··· DATA

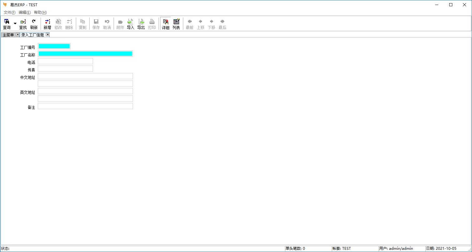 树状主菜单中选择 系统管理子系统->基础设置->录入工厂信息,出现如下画面:
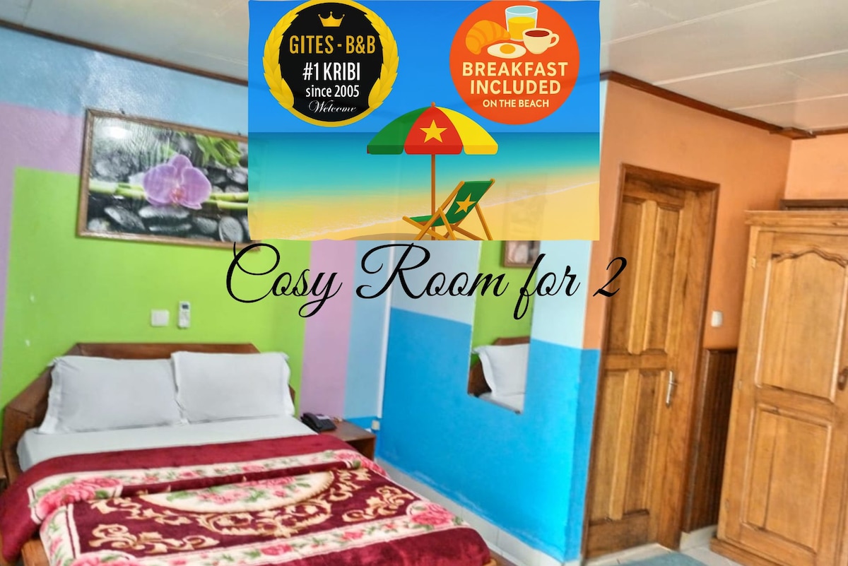 El "Deux Palmes Kribi" es adecuado para familias o grupos de hasta 10 personas y está convenientemente ubicado en la ruta N7. La playa se puede llegar a pie en unos 200 metros. Hay varias tiendas, bares y restaurantes de mariscos, así como un Delicatessen cerca. El centro de la ciudad está a unos 5 km de distancia. 3 dormitorios con baño compartido, 1 dormitorio con baño separado, una amplia cocina/sala de estar y la amplia terraza están disponibles para nuestros huéspedes.
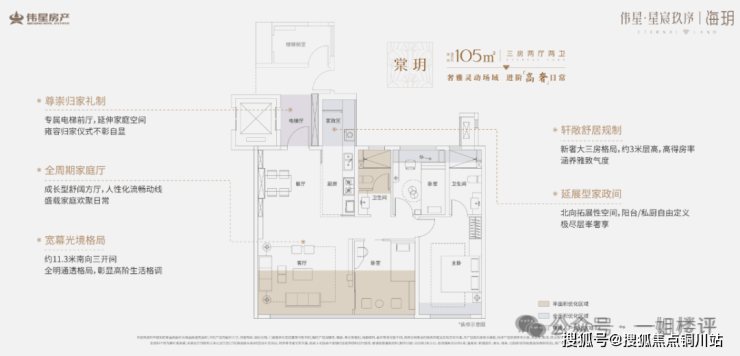 其中,最小户型建面约105平做到大三房两厅两卫,让你首次置业就有改善大户型的空间尺度。
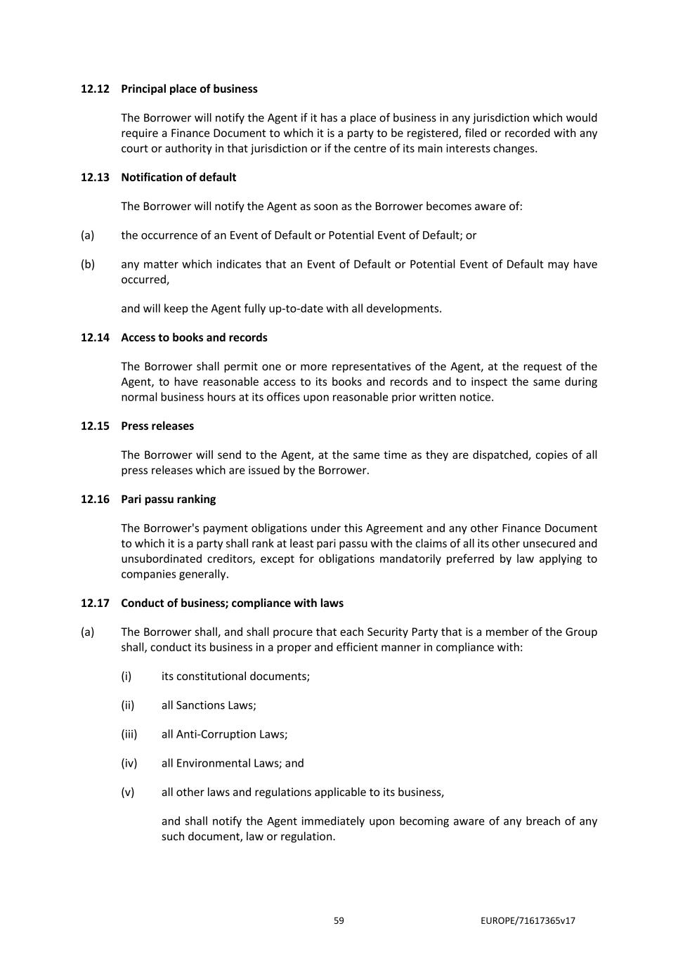 59 EUROPE/71617365v17 12.12 Principal place of business The Borrower will notify the Agent if it has a place of business in any jurisdiction which would require a Finance Document to which it is a party to be registered, filed or recorded with any court or authority in that jurisdiction or if the centre of its main interests changes. 12.13 Notification of default The Borrower will notify the Agent as soon as the Borrower becomes aware of: (a) the occurrence of an Event of Default or Potential Event of Default; or (b) any matter which indicates that an Event of Default or Potential Event of Default may have occurred, and will keep the Agent fully up-to-date with all developments. 12.14 Access to books and records The Borrower shall permit one or more representatives of the Agent, at the request of the Agent, to have reasonable access to its books and records and to inspect the same during normal business hours at its offices upon reasonable prior written notice. 12.15 Press releases The Borrower will send to the Agent, at the same time as they are dispatched, copies of all press releases which are issued by the Borrower. 12.16 Pari passu ranking The Borrower's payment obligations under this Agreement and any other Finance Document to which it is a party shall rank at least pari passu with the claims of all its other unsecured and unsubordinated creditors, except for obligations mandatorily preferred by law applying to companies generally. 12.17 Conduct of business; compliance with laws (a) The Borrower shall, and shall procure that each Security Party that is a member of the Group shall, conduct its business in a proper and efficient manner in compliance with: (i) its constitutional documents; (ii) all Sanctions Laws; (iii) all Anti-Corruption Laws; (iv) all Environmental Laws; and (v) all other laws and regulations applicable to its business, and shall notify the Agent immediately upon becoming aware of any breach of any such document, law or regulation.
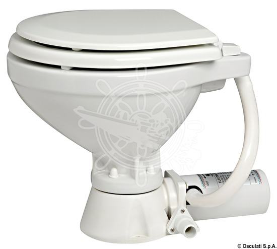 WC od bijelog porculana s pripadajućom wc daskom modernih linija, pumpom od bronze sa impelerom od neoprena.Motor sa trajnim magnetima i osovinom od inoxasa uljučenim maceratorom. Ulazna cijev od 1/2" i izlazna od 1", 12 V, 15 A, visina 350mm,širina 320mm,dubina 420mm. 5020712
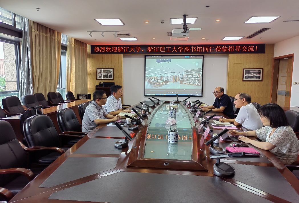 2023年7月26日下午,浙江大学图书馆余敏杰副馆长和浙江理工大学刘翔副馆长莅临福州大学图书馆调研。林熙阳副馆长、FULink副秘书长詹庆东、戴晓翔主任和黄维玲副主任进行了热情接待。
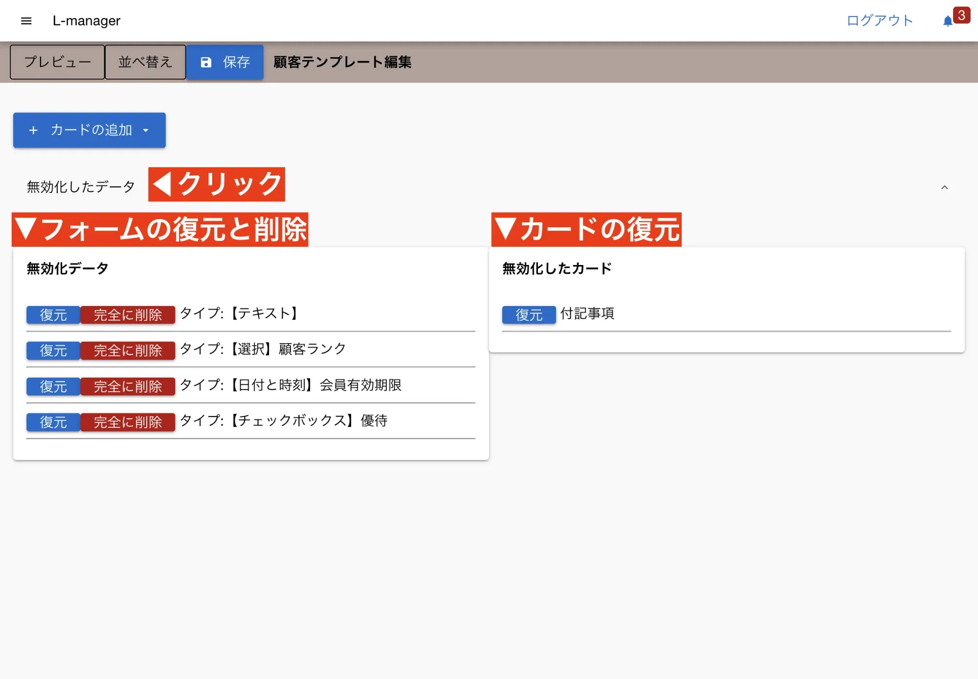 Section titled “削除について”不要になったカードや入力フォームの削除についてはこちらをご覧下さい
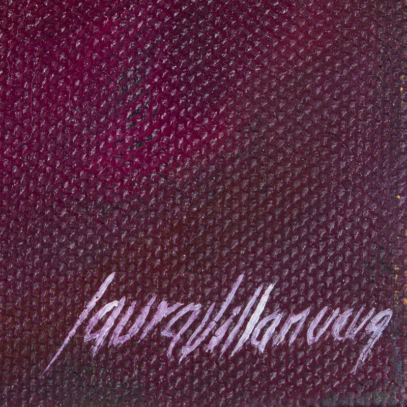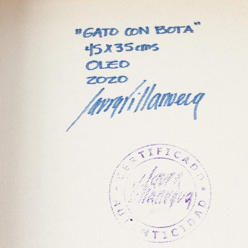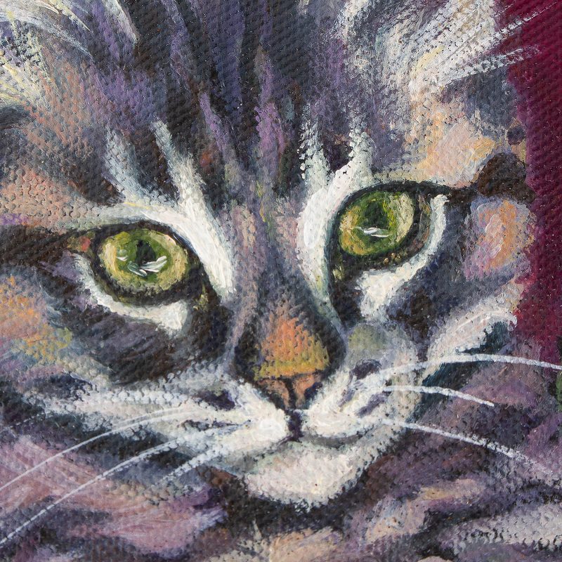 Working in oils and acrylics on canvas, artist Laura Villanueva creates this charming painting. The original artwork depicts a bright-eyed cat emerging from a Victorian-style ladies' boot. Feathers like tiny angel wings rest on the cat's shoulders.
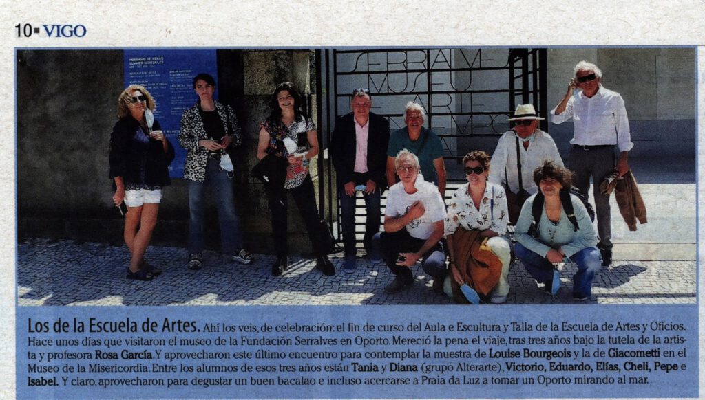Aquà tedes esta fotografÃa que publica hoxe o Faro de Vigo. A mestra de escultura e talla en madeira, Rosa GarcÃa, acompañada dun grupo de alumnos/as que este curso remataron os estudos desta especialidade, na entrada da Fundação Serralves (Porto) donde visitaron a exposición de LouiseBourgeois, tamén visitaron no Museu da Misericórdia a exposición Alberto Giacometti – Peter Lindbergh. Capturar o InvisÃvel
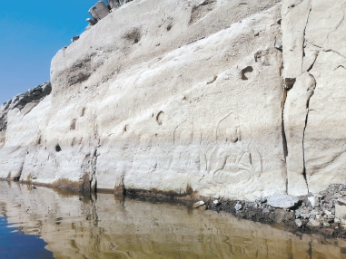 随着水位下降,延庆区白河堡水库内三座连排摩崖石刻渐渐露出水面。这是水库蓄水36年来石刻首次“现身”,当地文物部门根据石刻像的服饰、雕刻风格初步推断,石刻可能为元明时期。
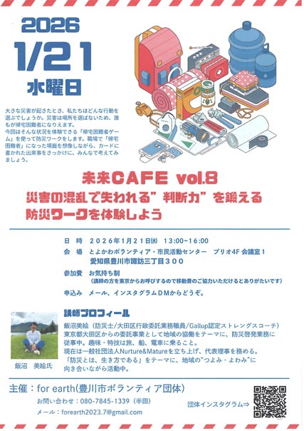 | 災害の混乱で失われる”判断力”を鍛える防災ワーク 1月21日(水) for earth | |

······

WHAT YOU ARE ASKED TO DO: Your task is to retype all the entries exactly and leave out any pictures.

EXERCISE OUTPUT:
 树状主菜单中选择 系统管理子系统->基础设置->录入工厂信息,出现如下画面:
 El "Deux Palmes Kribi" es adecuado para familias o grupos de hasta 10 personas y está convenientemente ubicado en la ruta N7. La playa se puede llegar a pie en unos 200 metros. Hay varias tiendas, bares y restaurantes de mariscos, así como un Delicatessen cerca. El centro de la ciudad está a unos 5 km de distancia. 3 dormitorios con baño compartido, 1 dormitorio con baño separado, una amplia cocina/sala de estar y la amplia terraza están disponibles para nuestros huéspedes.
 其中,最小户型建面约105平做到大三房两厅两卫,让你首次置业就有改善大户型的空间尺度。
 59 EUROPE/71617365v17 12.12 Principal place of business The Borrower will notify the Agent if it has a place of business in any jurisdiction which would require a Finance Document to which it is a party to be registered, filed or recorded with any court or authority in that jurisdiction or if the centre of its main interests changes. 12.13 Notification of default The Borrower will notify the Agent as soon as the Borrower becomes aware of: (a) the occurrence of an Event of Default or Potential Event of Default; or (b) any matter which indicates that an Event of Default or Potential Event of Default may have occurred, and will keep the Agent fully up-to-date with all developments. 12.14 Access to books and records The Borrower shall permit one or more representatives of the Agent, at the request of the Agent, to have reasonable access to its books and records and to inspect the same during normal business hours at its offices upon reasonable prior written notice. 12.15 Press releases The Borrower will send to the Agent, at the same time as they are dispatched, copies of all press releases which are issued by the Borrower. 12.16 Pari passu ranking The Borrower's payment obligations under this Agreement and any other Finance Document to which it is a party shall rank at least pari passu with the claims of all its other unsecured and unsubordinated creditors, except for obligations mandatorily preferred by law applying to companies generally. 12.17 Conduct of business; compliance with laws (a) The Borrower shall, and shall procure that each Security Party that is a member of the Group shall, conduct its business in a proper and efficient manner in compliance with: (i) its constitutional documents; (ii) all Sanctions Laws; (iii) all Anti-Corruption Laws; (iv) all Environmental Laws; and (v) all other laws and regulations applicable to its business, and shall notify the Agent immediately upon becoming aware of any breach of any such document, law or regulation.
 WC od bijelog porculana s pripadajućom wc daskom modernih linija, pumpom od bronze sa impelerom od neoprena.Motor sa trajnim magnetima i osovinom od inoxasa uljučenim maceratorom. Ulazna cijev od 1/2" i izlazna od 1", 12 V, 15 A, visina 350mm,širina 320mm,dubina 420mm. 5020712
 2023年7月26日下午,浙江大学图书馆余敏杰副馆长和浙江理工大学刘翔副馆长莅临福州大学图书馆调研。林熙阳副馆长、FULink副秘书长詹庆东、戴晓翔主任和黄维玲副主任进行了热情接待。
 Section titled “削除について”不要になったカードや入力フォームの削除についてはこちらをご覧下さい
 Working in oils and acrylics on canvas, artist Laura Villanueva creates this charming painting. The original artwork depicts a bright-eyed cat emerging from a Victorian-style ladies' boot. Feathers like tiny angel wings rest on the cat's shoulders.
Aquà tedes esta fotografÃa que publica hoxe o Faro de Vigo. A mestra de escultura e talla en madeira, Rosa GarcÃa, acompañada dun grupo de alumnos/as que este curso remataron os estudos desta especialidade, na entrada da Fundação Serralves (Porto) donde visitaron a exposición de LouiseBourgeois, tamén visitaron no Museu da Misericórdia a exposición Alberto Giacometti – Peter Lindbergh. Capturar o InvisÃvel
 随着水位下降,延庆区白河堡水库内三座连排摩崖石刻渐渐露出水面。这是水库蓄水36年来石刻首次“现身”,当地文物部门根据石刻像的服饰、雕刻风格初步推断,石刻可能为元明时期。
 | 災害の混乱で失われる”判断力”を鍛える防災ワーク 1月21日(水) for earth | |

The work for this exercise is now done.